Three options are under review for controlling neighborhood flooding during heavy rainstorms. All options are expected to be in place for 50 years. The options differ both in cost and damage averted when a heavy rain event occurs. A promise has been made to build one option so ‘doing nothing’ is not a political acceptable alternative. When considering weather driven damage the usual method is to list the level of damage in currency terms and to state the likelihood that the damage will occur in terms of frequency that the weather event will occur. For example, a damage estimate of 500,000 for a twenty year event is interpreted that the event will occur on average once every 20 years or has a probability of 0.05 occurring this year so the expected damage this year is 0.05 times 500,000 which equals 25,000. If an intervention prevented all damage from such an event the benefit would be shown as 25,000 every year. Apply incremental benefit cost analysis to this situation using an interest rate of 7.0% and answer the questions that follow.

Option A B C
Investment 2.4 Million 1.6 Million 4.1 Million
Annual Operating Cost 85,000 92,000 35,000
Annual Benefit 160,000 140,000 290,000
Annual Disbenefit 12,000 1,000 21,000

a. What is the B/C for option A?

b. What is the B/C for option B?

c. What is the B/C for the difference between option B and A?

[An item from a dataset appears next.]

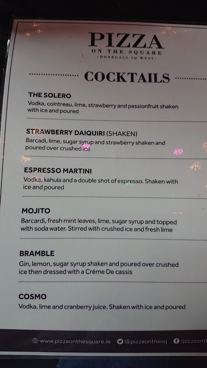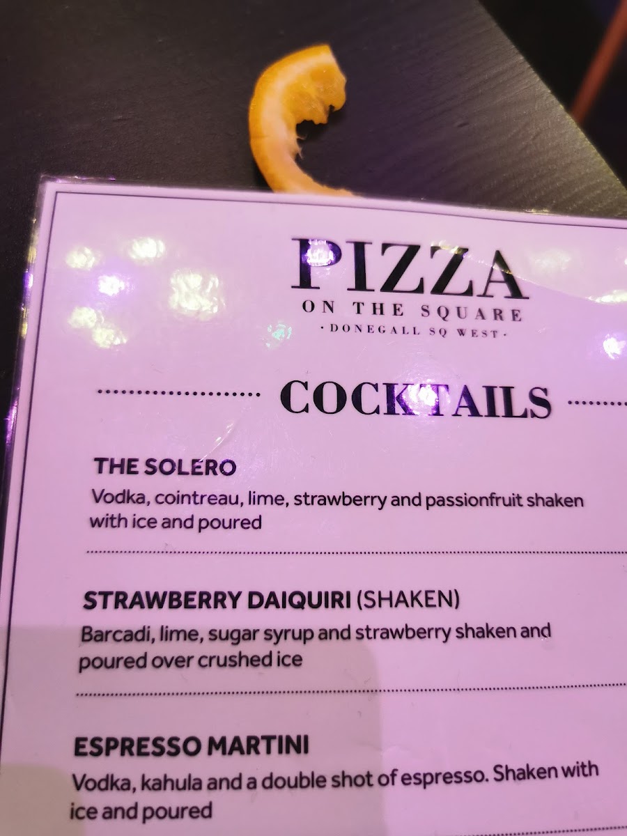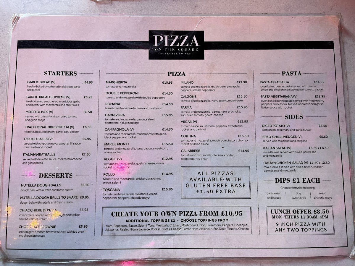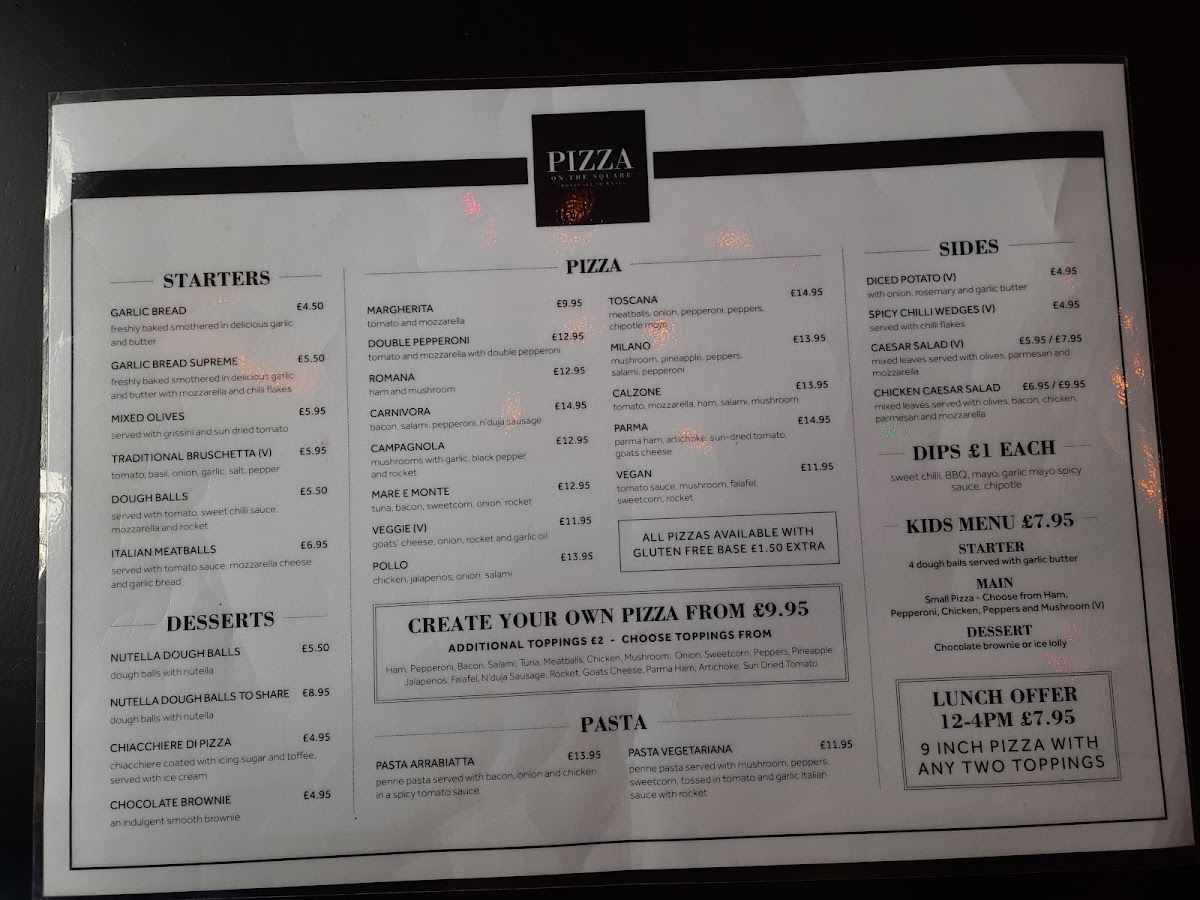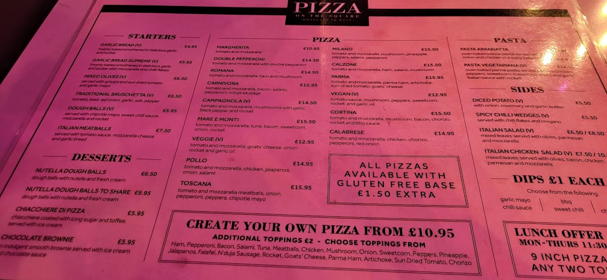 From a reviewer’s perspective, the menu at Pizza On The Square offers a well-rounded selection that balances classic Italian comfort with indulgent treats and drinks. Starters like Italian Meatballs, Garlic Bread Supreme, Mixed Olives, Traditional Bruschetta, and Dough Balls set a strong, familiar tone, while the pizza selection-Margherita, Milano, Double Pepperoni, Romana Con Funghi, and Carnivora-covers both traditional and meat-heavy options for different tastes. Sides such as Diced Potato, Skin On Fries, Italian Salad, and Caesar Salad complement the mains nicely, and pasta dishes like Pasta Arrabbiata and Pasta Vegetariana provide solid alternatives to pizza. The dessert and drinks menu stands out with items like Nutella Dough Balls, Chocolate Brownie, and cocktails including Lemondrop Martini, Chocolate Martini, Espresso Martini, and Strawberry Daiquiri, along with gins such as Bombay Sapphire, Shortcross, and Belfast Gin, making the overall menu feel varied, satisfying, and well-suited for both casual dining and a night out.

d. Complete the analysis for all options and based on the analysis, which option is the best public investment?

Solutions

Expert Solution

Please see the table below. Please be guided by the second column titled “Linkage” to understand the mathematics. Y The last row highlighted in yellow is your answer. Figures in parenthesis, if any, mean negative values. All financials are in $.

Option Linkage A B C B - A
Investment A       2,400,000     1,600,000         4,100,000            (800,000)
Annual Operating Cost B 85,000 92,000 35,000                  7,000
Annual Benefit C 160,000 140,000 290,000              (20,000)
Annual Disbenefit D 12,000 1,000 21,000              (11,000)
Net Benefit E = C - D 148,000 139,000 269,000                 (9,000)
Period F 50 50 50 50
Interest rate G 7% 7% 7% 7%
PV of net benefits H = E/G x (1 - (1 + G)^(-F))       2,042,510     1,918,304         3,712,401            (124,207)
PV of costs I = B/G x (1 - (1 + G)^(-F))+ A       3,573,063     2,869,669         4,583,026            (703,395)
B/C J = H / I        0.571641      0.668476         0.810033            0.176582

You can see the answer of Part (a), (b ) & (c) in the yellow colored row above.

Part (d) Analysis for all the options are shown above. Based on B/C ratio, Option C has the highest B/C ratio, even though it's not > 1. Hence, among all the options  available, Option C is the best one.